The {vtree} package is a tool for calculating and displaying variable trees.
Here are the steps on how to use the vtree package.
# Set working directory
setwd("C:/MyRData/Exploring data using the vtree package")
# Upload tidyverse library
library(tidyverse)
## -- Attaching packages --------------------------------------- tidyverse 1.3.2 --
## v ggplot2 3.4.2 v purrr 1.0.1
## v tibble 3.2.1 v dplyr 1.1.2
## v tidyr 1.3.0 v stringr 1.5.0
## v readr 2.1.3 v forcats 0.5.2
## -- Conflicts ------------------------------------------ tidyverse_conflicts() --
## x dplyr::filter() masks stats::filter()
## x dplyr::lag() masks stats::lag()
# Upload vtree library
library(vtree)
# Import data
df<- read.csv("resume.csv", stringsAsFactors = TRUE, fileEncoding = "UTF-8-BOM")

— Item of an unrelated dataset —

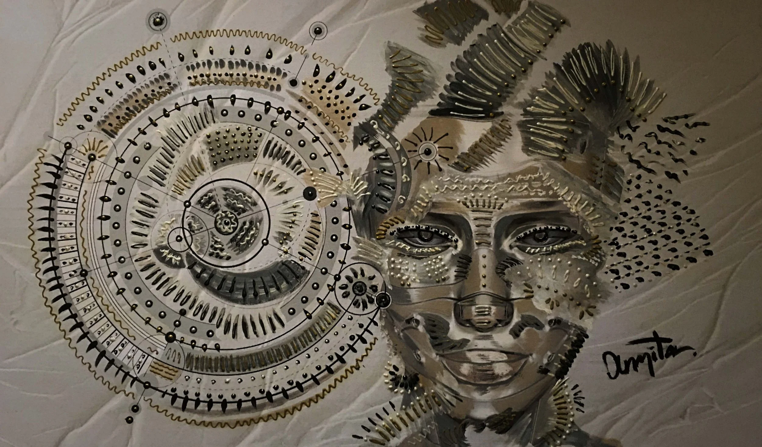 Materials: White canvas printed with original digital composition, fully transformed with acrylics

# Get a glimpse of the data
df %>% glimpse()
## Rows: 4,870
## Columns: 31
## $ rownames <int> 1, 2, 3, 4, 5, 6, 7, 8, 9, 10, 11, 12, 13, 14, ~
## $ job_ad_id <int> 384, 384, 384, 384, 385, 386, 386, 385, 386, 38~
## $ job_city <fct> Chicago, Chicago, Chicago, Chicago, Chicago, Ch~
## $ job_industry <fct> manufacturing, manufacturing, manufacturing, ma~
## $ job_type <fct> supervisor, supervisor, supervisor, supervisor,~
## $ job_fed_contractor <fct> , , , , No, No, No, No, No, No, No, No, No, No,~
## $ job_equal_opp_employer <fct> Yes, Yes, Yes, Yes, Yes, Yes, Yes, Yes, Yes, Ye~
## $ job_ownership <fct> unknown, unknown, unknown, unknown, nonprofit, ~
## $ job_req_any <fct> Yes, Yes, Yes, Yes, Yes, No, No, Yes, No, No, Y~
## $ job_req_communication <fct> No, No, No, No, No, No, No, No, No, No, No, No,~
## $ job_req_education <fct> No, No, No, No, No, No, No, No, No, No, No, No,~
## $ job_req_min_experience <fct> 5, 5, 5, 5, some, , , some, , , some, some, , ,~
## $ job_req_computer <fct> Yes, Yes, Yes, Yes, Yes, No, No, Yes, No, No, Y~
## $ job_req_organization <fct> No, No, No, No, Yes, No, No, Yes, No, No, No, N~
## $ job_req_school <fct> none_listed, none_listed, none_listed, none_lis~
## $ received_callback <fct> No, No, No, No, No, No, No, No, No, No, No, No,~
## $ firstname <fct> Allison, Kristen, Lakisha, Latonya, Carrie, Jay~
## $ race <fct> white, white, black, black, white, white, white~
## $ gender <fct> Female, Female, Female, Female, Female, Male, F~
## $ years_college <int> 4, 3, 4, 3, 3, 4, 4, 3, 4, 4, 4, 4, 4, 4, 4, 1,~
## $ college_degree <fct> Yes, No, Yes, No, No, Yes, Yes, No, Yes, Yes, Y~
## $ honors <fct> No, No, No, No, No, Yes, No, No, No, No, No, No~
## $ worked_during_school <fct> No, Yes, Yes, No, Yes, No, Yes, No, No, Yes, No~
## $ years_experience <int> 6, 6, 6, 6, 22, 6, 5, 21, 3, 6, 8, 8, 4, 4, 5, ~
## $ computer_skills <fct> Yes, Yes, Yes, Yes, Yes, No, Yes, Yes, Yes, No,~
## $ special_skills <fct> No, No, No, Yes, No, Yes, Yes, Yes, Yes, Yes, Y~
## $ volunteer <fct> No, Yes, No, Yes, No, No, Yes, Yes, No, Yes, Ye~
## $ military <fct> No, Yes, No, No, No, No, No, No, No, No, No, No~
## $ employment_holes <fct> Yes, No, No, Yes, No, No, No, Yes, No, No, Yes,~
## $ has_email_address <fct> No, Yes, No, Yes, Yes, No, Yes, Yes, No, Yes, Y~
## $ resume_quality <fct> low, high, low, high, high, low, high, high, lo~
# Create age group variable
df<-df %>%
mutate(
# Create categories
years_experience_group = dplyr::case_when(
years_experience <= 5 ~ "1-5 years",
years_experience > 5 & years_experience <= 10 ~ "6-10 years",
years_experience > 10 & years_experience <= 20 ~ "11-20 years",
years_experience > 20 ~ "> 20 years"
),
# Convert to factor
years_experience_group = factor(years_experience_group , level = c("1-5 years","6-10 years","11-20 years","> 20 years")))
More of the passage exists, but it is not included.